1)Humility- It is impossible to not learn humility when you are forced to throw up into a blue emesis bag in front of a nurse so they can record how much you are throwing up and what it looks like. I pride myself in being strong emotionally and not crying, but I was in so much pain that the nurse came in to find me shaking and crying on more than one occasion. I learned that I am not perfect and can't expect myself to always be on top of my game.
 
2)Asking for help- I hate asking for help. Let me repeat that. I HATE asking for help. But alas, we had no choice. We couldn't take Lydia to the ER with us and risk her getting some crazy illness from people in the waiting room and while I was stuck in the hospital, we had to rely on people to watch Lydia for us so that Thomas could go to class. I felt terrible that people were having to watch her, but I am so grateful for our friends that sacrificed and watched our little one. It was nice to not worry about her safety and know that she was being well taken care of. I learned that even though it is hard to ask for help, there are people there for me that will gladly offer their services when I am in need.
 
3) How to stand up for myself- In the past when I have been sick, Thomas has always been there. This time I was alone in the hospital for the majority of the time since he was either watching Lydia, in class, or studying. I am used to him standing up for me when the doctors or nurses say something that offends me or him hitting the call button or going to get a nurse when I need something. This time I had to stand up for myself and hit the call button when I needed something (and I HATE asking for help, even from a nurse). I had to correct the doctors when they would say something off hand that hurt my feelings. I had to tell the doctors and nurses how I was really feeling instead of saying I was ok. I learned that I can be strong even when I feel weak. I can tell people how I really feel and I can stand up for myself.
 
4)Listen to your body- The ER doctor was not very sympathetic at the second hospital. When I told him I had lost 12 pounds in 4 days he said, "oh that's just water weight. It's not a big deal." When I said that I hadn't been able to keep anything down for over a week he said, " I have cancer patients in here all the time that go months without being able to eat. You'll be ok." Yes, I know I do not have it as bad as I could. Yes, I know that I won't die without help. But I knew I needed to be admitted again and at least get IV fluids to rehydrate myself. I ended up worsening over the next few days and the doctors were going to put a feeding tube in. They actually did end up putting one in, but didn't get it in the right place so they took it out and said they would put it back in the next day. The next day I was released though (still a little confused about that, but SO glad to be home I don't really care). I am very grateful I listened to my body and told the ER doctor I needed to be admitted. I learned that I know my body better than anyone else does. I have a TON of respect for doctors (even more so now that I see how hard Thomas is studying), but I also know that they don't know my body as well as I do.
 
 
I am really grateful for all the friends that stepped in and helped with Lydia. I am grateful for both my mother-in-law and mom coming in to take care of Lydia. I am grateful for nurses and doctors that worked to try to help me. I am grateful for Thomas for taking care of me. I am grateful that I have been able to learn these lessons. Most of all, I am SOOOO grateful to be home and to be able to play with Lydia again. 
 
 
 
This is Lydia playing with me during the first hospital stay. She was a little afraid of me at first, but warmed up when she got to play with the hospital socks. 

Sunday, September 6, 2015

Ponderings

I have been thinking a lot lately. I have had really bad insomnia for a few weeks,so I am left to lay away and allow my brain to run rampant. I really feel that I need to share these thoughts. I don't know why because they are not particularly profound or inspiring, but I will do so anyway!
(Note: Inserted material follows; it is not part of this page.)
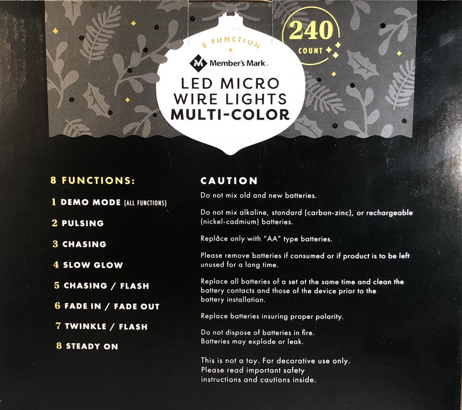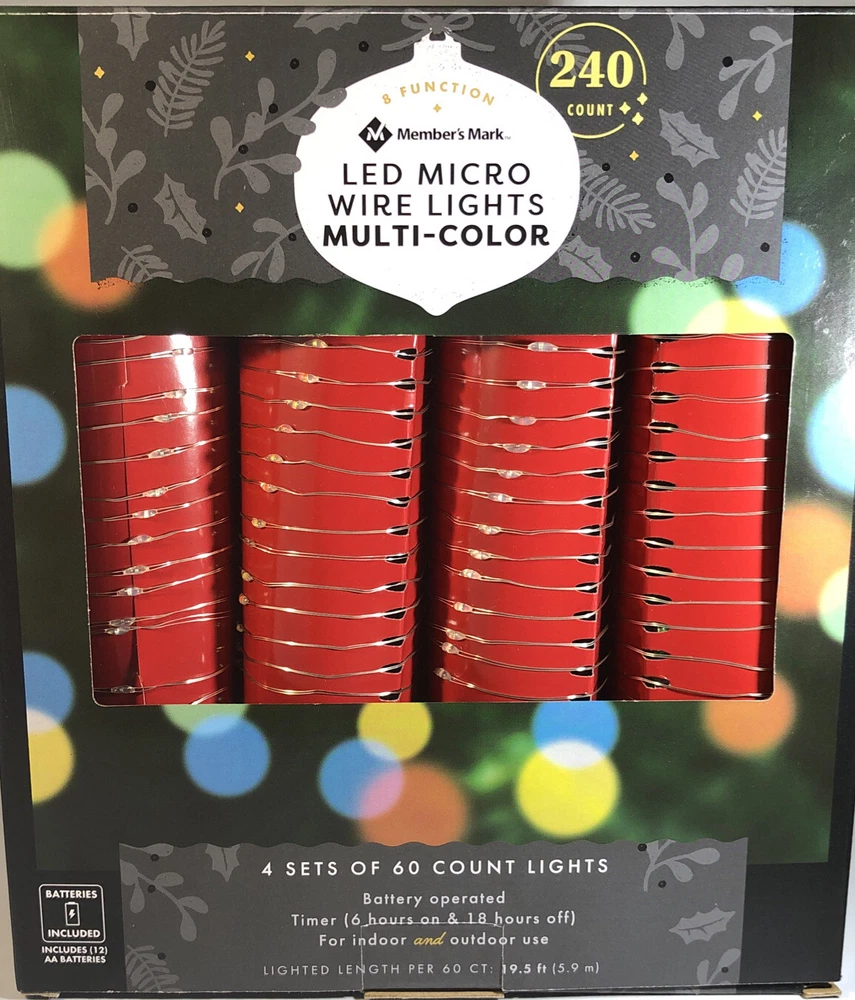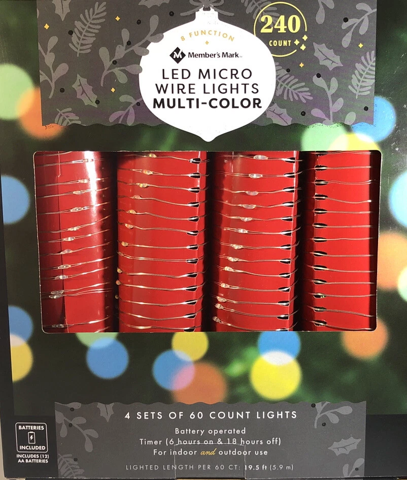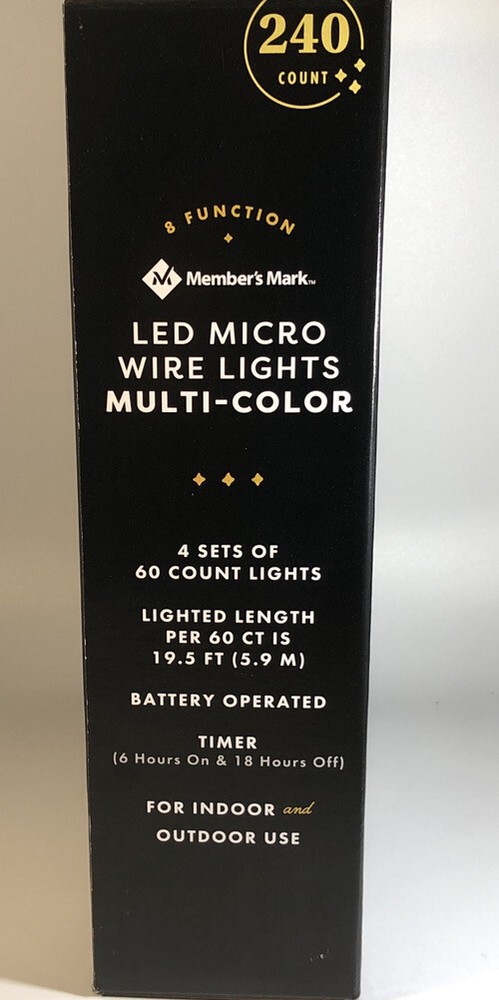 Members Mark Micro LED Wired Lights 240 Count 8 Function! 12 AA Batteries Included!. Condition is Brand New. Brand: Members Mark Model: 240ct Micro LED Wired Lights Shipped with USPS Priority Mail . You Will Receive 1 ea Members Mark Micro LED Wired Lights 240 Count 8 Function! 12 AA Batteries Included!. RARE VINTAGE COLLECTIBLE SHIPS N 24 HOURS Packed By Our Award Winning Packaging And Shipping Department Long Time E-commerce Seller For Over 20 Years LIMITED AVAILABILITY Follow Our EBay Store For All New Rare Products Posted Daily and Specials Please click https://www.ebay.com/usr/boughtnowcommerce Inventory Box Number: Timer function: 6 hours on, 18 hours off 8 unique functions to create your own light show Indoor/outdoor use Add some festive fun to your interior or exterior decorations with these LED Multifunction Wire Lights. Complete with timer function and eight unique settings, these lights are sure to give your winter wonderland variety all season long. Specifications Light count: 240 ct. (4 sets of 60 each=240 ct.). Light length: 78' Total length: 82' 12" x 4" silver copper wire. Includes (12) AA batteries

One night as I lay awake, it really hit my that my nephew is 12 years old. He now has the priesthood. What a huge responsibility for a 12 year old! I thought back to the day he was born. I remember it so well. I was only 13 at the time, and could not imagine loving someone more than I loved this little boy. I was obsessed. I continued to be obsessed with my nephews and nieces. I was so good at playing with them on their level because I really wasn't that much older than them. I remember trying to come up with fun things to do before they came over so that I would be prepared. I am still obsessed with my nieces and nephews and pray for their happiness and success every night. As I was thinking about this, I realized how much I love my daughter. Words cannot do justice to the feelings I have towards her. She is such an angel. I am obssessed with her, but am I really doing enough for her? I don't prepare for the next day and think about what fun things I could do with her like I did my nieces and nephews. I don't play with her on her level as much as I did with my nieces and nephews. This is my daughter! I need to put down the phone, turn off the TV, and just play and have fun. It takes sooo much energy, but I already feel like I am missing out on valuable teaching moments.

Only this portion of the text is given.